Starting pitching concerns compound problems



Beyond fundamental failures, the Yankees face rotation depth issues that could doom their playoff hopes.
“If they miss the playoffs, will fundamentals have been a part of it? Yes. But I actually think they might run out of starting pitching,” Sherman warned.
“Yesterday was a big day and Luis Gil did not rise to that big day. They need him to be really good. Once they get rid of Stroman, which by the way, I think was the right move, you are now in the Clarke Schmidt, Will Warren business till the finish line unless Ryan Yarborough gets healthy.”
The precarious situation leaves little margin for error. “These five guys have to pretty much stay healthy and somewhat effective to the end… If they have any glitch here physically or Gil isn’t good, I don’t think they survive it.”
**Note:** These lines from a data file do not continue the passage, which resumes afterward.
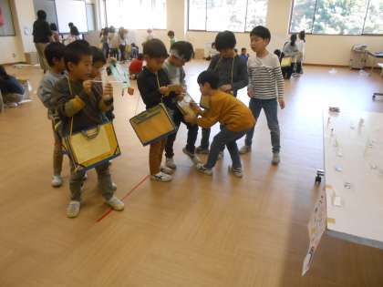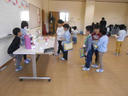 おもちゃは、わりばしで作ったゴムでっぽう、紙コップや牛乳パックを利用したぴょんぴょんガエルやぴょんコップ、ストローアーチェリー、車、新聞紙やトイレットペーパーを利用したロケット、キャップ飛ばしなど子供たちのアイデアがいっぱいです。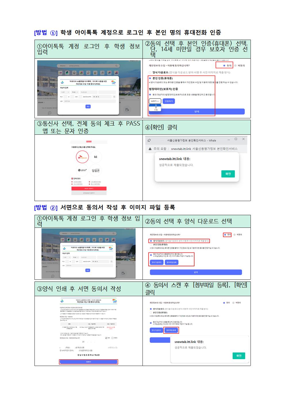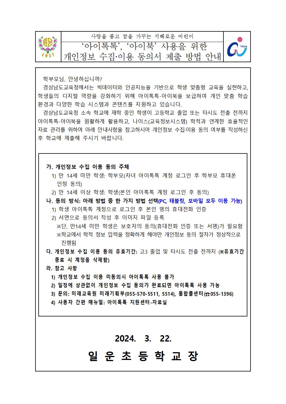 '아이톡톡','아이북' 사용을 위한 개인정보 수집이용 동의서 제출방법 안내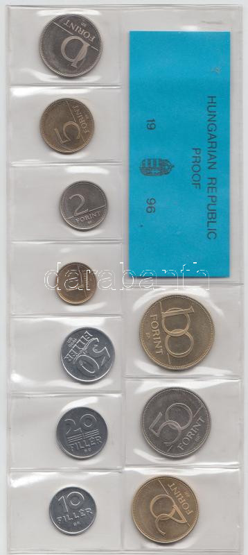 1996. 10f-100Ft 10klf db, forgalmi szett fóliatokban T:BU https://www.darabanth.com/de/187-Fernauktion/187.0/Numismatik/Ungarische-Munzen~8/1996-10f-100Ft-10klf-db-forgalmi-szett-foliatokban-TBU~II693951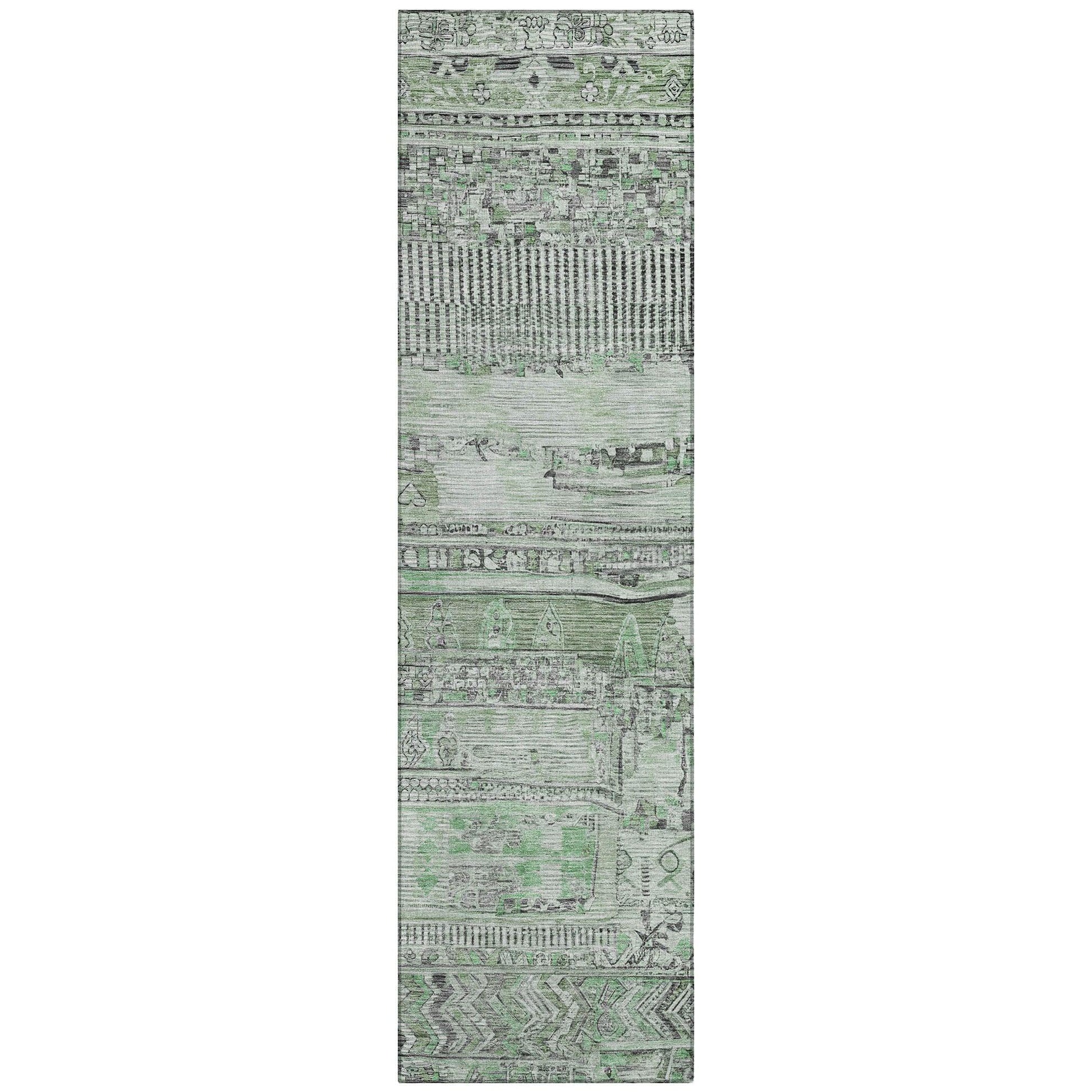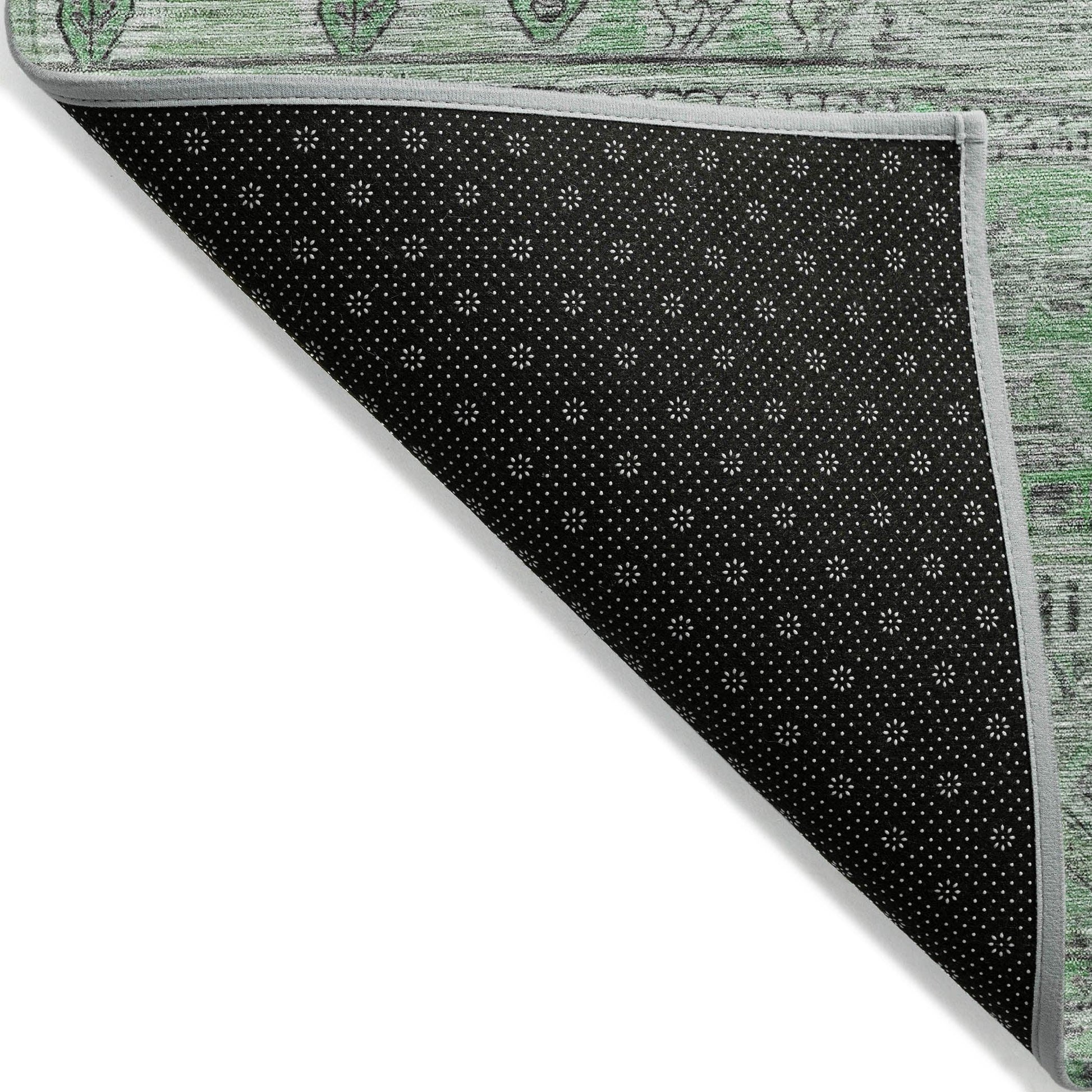 This green rug brings a touch of style to any space with its eclectic motifs and stripe patterns. Perfect for both indoor and outdoor use, it features UV-stabilized fabric that stands up to various weather conditions. Its ultra-thin weave and non-skid backing mean you can skip the additional padding, making it a practical choice for homes with kids and pets. The rug's machine washable design ensures easy maintenance, letting you keep it fresh and clean with minimal effort.

Talent versus execution dilemma
The Yankees find themselves trapped between elite talent and systematic execution failures. “Are they going to out-homer their mistakes?” Sherman asked. “You know they’re going to make mistakes, and they’re going to hit home runs. Which are they going to do more of? That’s basically what it’s come down to.”
With their championship window potentially closing, the organization must confront whether its “Frankenstein’s monster” can be fixed in time to salvage what began as a promising season. As Sherman and Heyman’s analysis makes clear, the Yankees’ problems run deeper than personnel – they reflect fundamental organizational choices about accountability, emphasis, and leadership that have created a predictable cycle of mid-season collapse.
“I’m not going to be shocked at all if they miss the playoffs at this point,” Sherman concluded, summarizing the precarious position of a franchise that continues to choose talent over fundamentals while expecting different results.